What has gone hand in hand for the Steelers being able to record 22 turnovers in a 12-game span was absent tonight. The Steelers’ ability to create pressure on opposing quarterbacks was hindered for most of tonight’s game. It does not take many credentials to determine that opposing offenses become more mistake prone when pressure is being applied to the quarterback. Tomlin alluded to this in his post-game press conference.

“We didn’t play the type of ball we normally play” the Steelers coach said after a disappointing performance at rattling Patriots quarterback Tom Brady.

It was not the type of ball that we have seen from the Steelers defense, in fact it really was not even close.
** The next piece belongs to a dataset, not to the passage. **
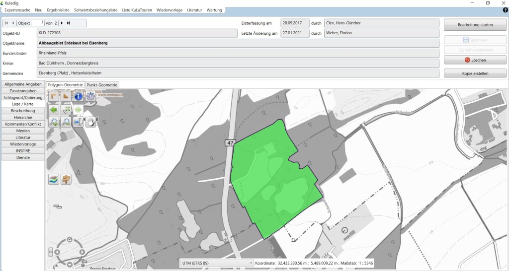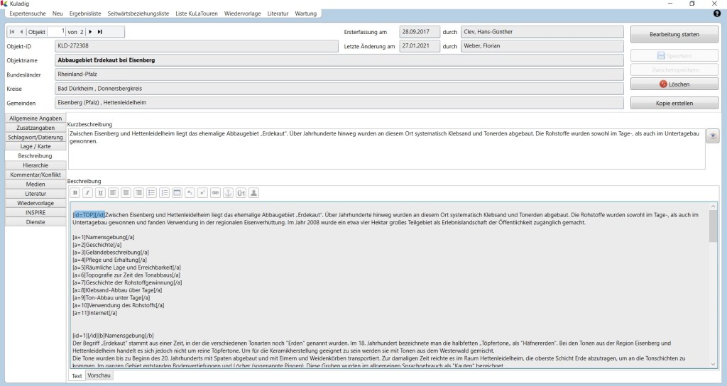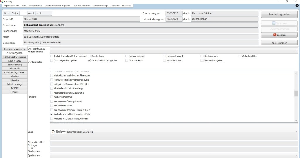 Aus der Landescloud werden die einzelnen Objektbeiträge in die Datenbank von KuLaDig überführt und in dieser gibt es eine Vielzahl von Datenfeldern die mit Metadaten ausgefüllt werden müssen und Häkchen die gesetzt werden müssen. So müssen beispielsweise neben der Objektbenennung die vollständige Adresse des Objekts, die Art und Weise der Datenerfassung sowie mögliche Eintragungen in die Denkmallisten der GDKE festgehalten werden. Dabei kommt es immer ganz darauf an, um welche Art Objekt es sich handelt.

After an early sack by nose tackle Javon Hargrave on the Patriots second possession, the Steelers failed to record another sack until Sean Davis notched one late in the fourth quarter, the game already out of reach by then. In company with those two sacks, the Steelers also only managed three quarterback hits on Brady. For comparison sake, the Houston Texans racked up eight quarterback hits last week against Brady.

It is little to no surprise that with enough time to say the alphabet forwards and backwards, Brady and the Patriots offense did not commit an offensive turnover. With a zone defense in Brady’s vision, the ability to get home and disrupt his timing and comfortability could have been the difference maker. Instead, Brady was able to wait with no fear that a target would eventually find the soft spot in the zone, and just like Brady hoped, his targets rather easily found spots in the Steelers’ zone.

With no fear in Brady’s eyes, the Steelers were faced with their own fears as a result of the consequences. The fears of Brady throwing a perfect game, leaving the Steelers defense without a shot at the Super Bowl or a takeaway became an all too familiar reality for the Keith Butler led crew.